Microstructure, electrical conductivity, and intergranular corrosion of AA6026/AA5183/AA6026 alloy welded joints after pulsed welding and post-weld heat treatment

Abstract

The present study examined the effect of heat input and T6 post-weld heat treatment on the microstructure, electrical conductivity, and intergranular corrosion of AA6026/AA5183/AA6026 welded joints. The samples were welded using pulsed MIG, pulsed TIG, and combined TIG&MIG procedures, and a portion of samples was subjected to the T6 condition (solution annealing, water quenching, and artificial aging).

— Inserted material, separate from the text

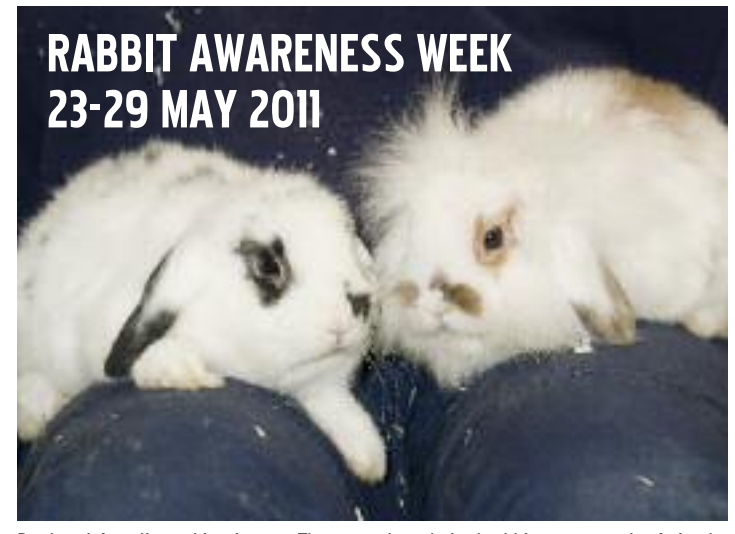
Brad and Angelina taking it easy. These two long haired rabbits came to the Animal Centre in January and, as you can see, don't intend to let anything disturb them.

A healthy lifestyle is essential for rabbits just as it is for us, Rabbit Awareness Week aims to promote just that.

The results showed that lower heat input (pulsed MIG) reduced intermetallic precipitation along grain boundaries and thereby improved resistance to intergranular corrosion, while higher heat input (pulsed TIG) promoted more intensive precipitation and increased the risk of corrosion. The T6 treatment partially homogenized the microstructure but also likely promoted the precipitation of Mg₂Si along grain boundaries in the heat-affected zone of AA6026 and the formation of continuous β-Al₃Mg₂ films along grain boundaries in the weld metal of AA5183, which together increased susceptibility to intergranular corrosion of welded joints. The best resistance to intergranular corrosion was observed in joints produced by pulsed MIG welding with low heat input, while TIG&MIG joints, owing to even lower heat input, maintained stable intergranular corrosion resistance even after T6 treatment. In contrast, joints obtained by pulsed TIG welding with higher heat input suffered the most severe degradation of intergranular corrosion resistance in the T6 condition. These findings confirmed that heat input control was the decisive factor governing microstructural changes, electrical conductivity, and corrosion behavior of AA6026/ER5183/AA6026 welded joints.